Nitric oxide (NO) is an unconventional intracellular messenger playing a vital role in various pathological and physiological processes. A localized increase in NO level leads to the formation of peroxynitrite by reacting with superoxide anions which causes rapid protein nitration or nitrosylation, lipid peroxidation, DNA damage, and cell death and which intern contribute to elevated pain [26]. NO, an indicator of nitrosative stress, was measured and found to be increased in the STZ-diabetic rats. We observed that AbS treatments dose dependently attenuated nitrite level in STZ-diabetic rats that exhibited thermal hyperanalgaesia and mechanical allodynia.

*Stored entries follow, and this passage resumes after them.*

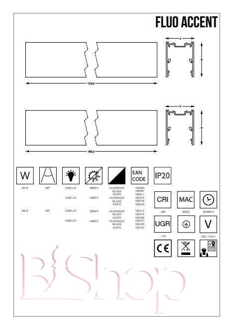 Кількість ламп: 1. Тип цоколя: LED. Висота (див): 8. Ширина (див): 5. Потужність лампи (Вт): 30. Довжина (див): 180.5.
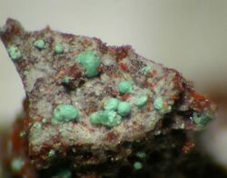 Copper(II) chloride occurs naturally as the very rare anhydrous mineral tolbachite and the dihydrate eriochalcite.[29] Both are found near fumaroles and in some copper mines.[30][31][32] Mixed oxyhydroxide-chlorides like atacamite (Cu2(OH)3Cl) are more common, arising among Cu ore beds oxidation zones in arid climates.[33]
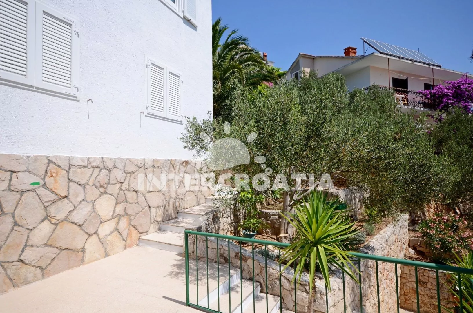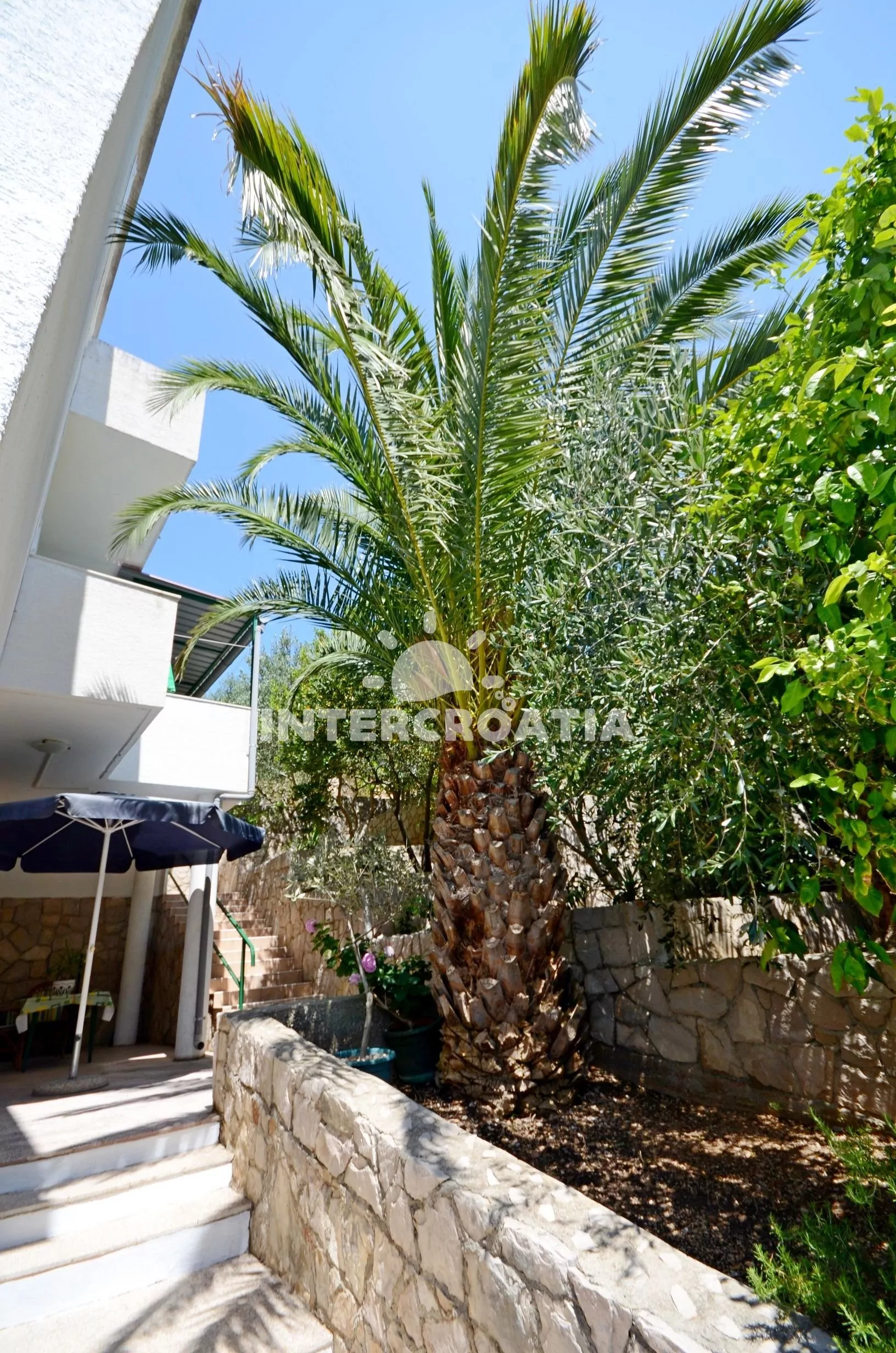 Patrová vilka s výhledem na moře a terasovitou okrasnou zahradou. Apartmány s balkony a terasami.

Evidence from both animal models and humans indicates that systemic inflammation is involved in the pathophysiological processes of diabetes [27]. Moreover, TNF-α has been reported to initiate the release of other inflammatory cytokines including IL-1β and IL-2 that are responsible for causing neuropathic pain [28, 29]. Uses of agents that suppress cytokine elevation have been advocated to be used to treat diabetic complication. The present investigation demonstrates that AbS was able to dose dependently reduce the population of cytokine. Therefore, AbS may exhibit its neuroprotective effect by downregulation of cytokine including TNF-α and IL-1β, the important mediators of neuropathic pain.

5. Conclusion

These results suggest that AbS attenuated STZ-induced neuropathic pain behaviours by inhibiting oxidative, nitrosative stress, cytokines activation, and hypoglycemic effect of Abs. This may be of potential benefit in clinical practice for the management of diabetic neuropathy.